» **Task to carry out**
Output, exactly and with no pictures, the line that contains "運動で骨に刺激を与えるだけで" and every line that comes after it in the data below, the last one included.

Exercise data Start Marker

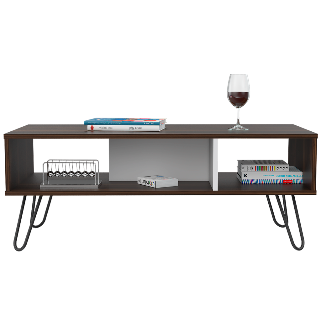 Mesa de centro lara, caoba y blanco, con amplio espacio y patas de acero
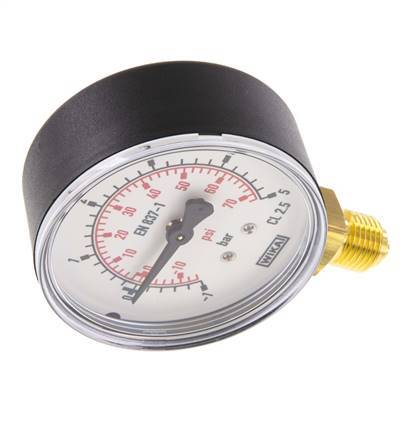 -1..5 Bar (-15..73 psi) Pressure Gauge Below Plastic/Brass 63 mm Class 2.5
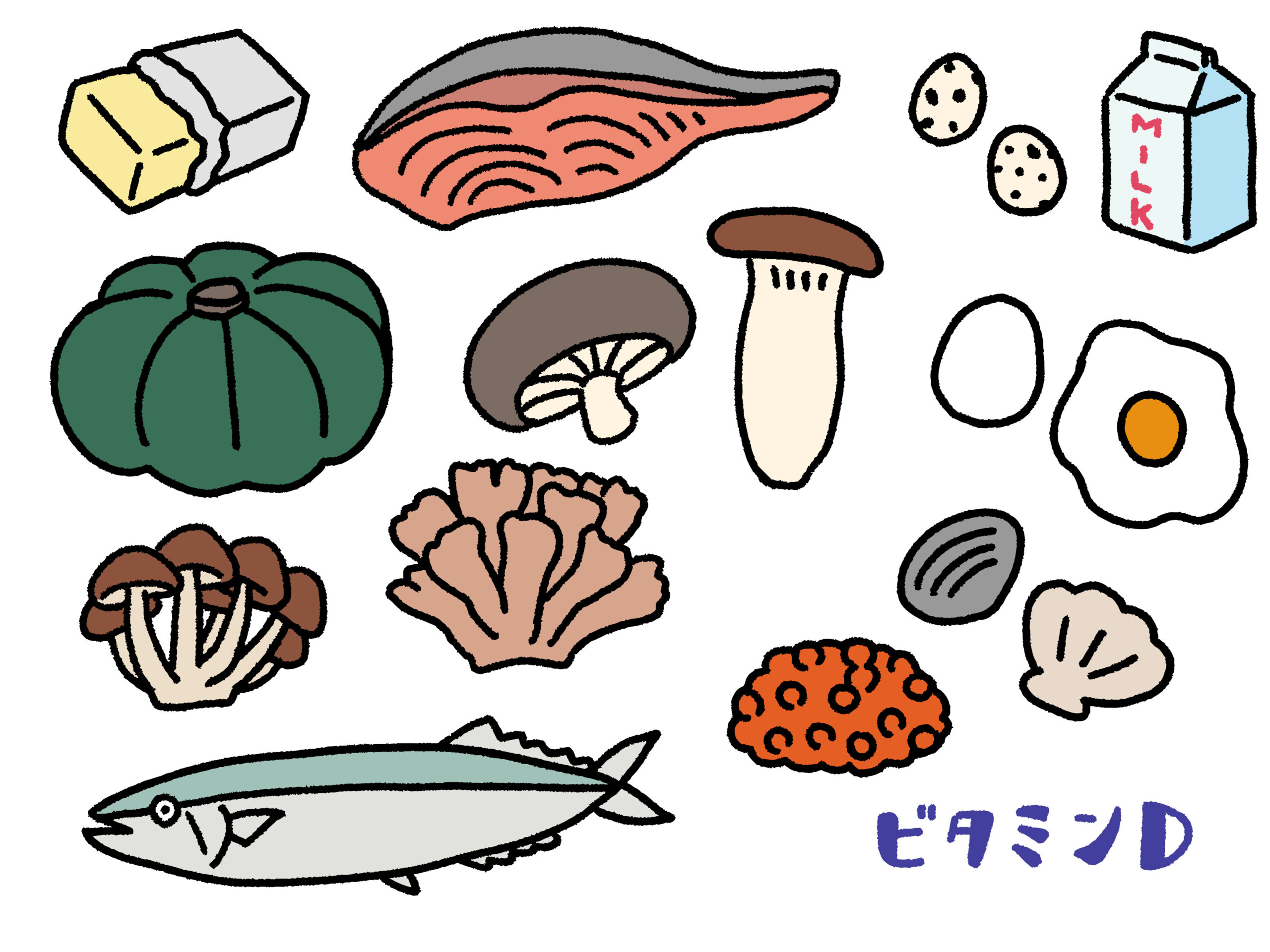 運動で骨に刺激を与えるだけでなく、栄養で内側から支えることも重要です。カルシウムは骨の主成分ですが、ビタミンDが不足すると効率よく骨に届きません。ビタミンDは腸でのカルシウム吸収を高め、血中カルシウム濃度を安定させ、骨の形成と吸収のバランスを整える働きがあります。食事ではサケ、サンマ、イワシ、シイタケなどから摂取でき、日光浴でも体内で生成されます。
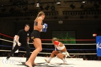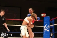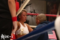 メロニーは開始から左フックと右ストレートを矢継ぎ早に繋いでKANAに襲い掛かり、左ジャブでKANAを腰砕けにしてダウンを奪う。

Exercise data End Marker

» **Answer area**
 運動で骨に刺激を与えるだけでなく、栄養で内側から支えることも重要です。カルシウムは骨の主成分ですが、ビタミンDが不足すると効率よく骨に届きません。ビタミンDは腸でのカルシウム吸収を高め、血中カルシウム濃度を安定させ、骨の形成と吸収のバランスを整える働きがあります。食事ではサケ、サンマ、イワシ、シイタケなどから摂取でき、日光浴でも体内で生成されます。
 メロニーは開始から左フックと右ストレートを矢継ぎ早に繋いでKANAに襲い掛かり、左ジャブでKANAを腰砕けにしてダウンを奪う。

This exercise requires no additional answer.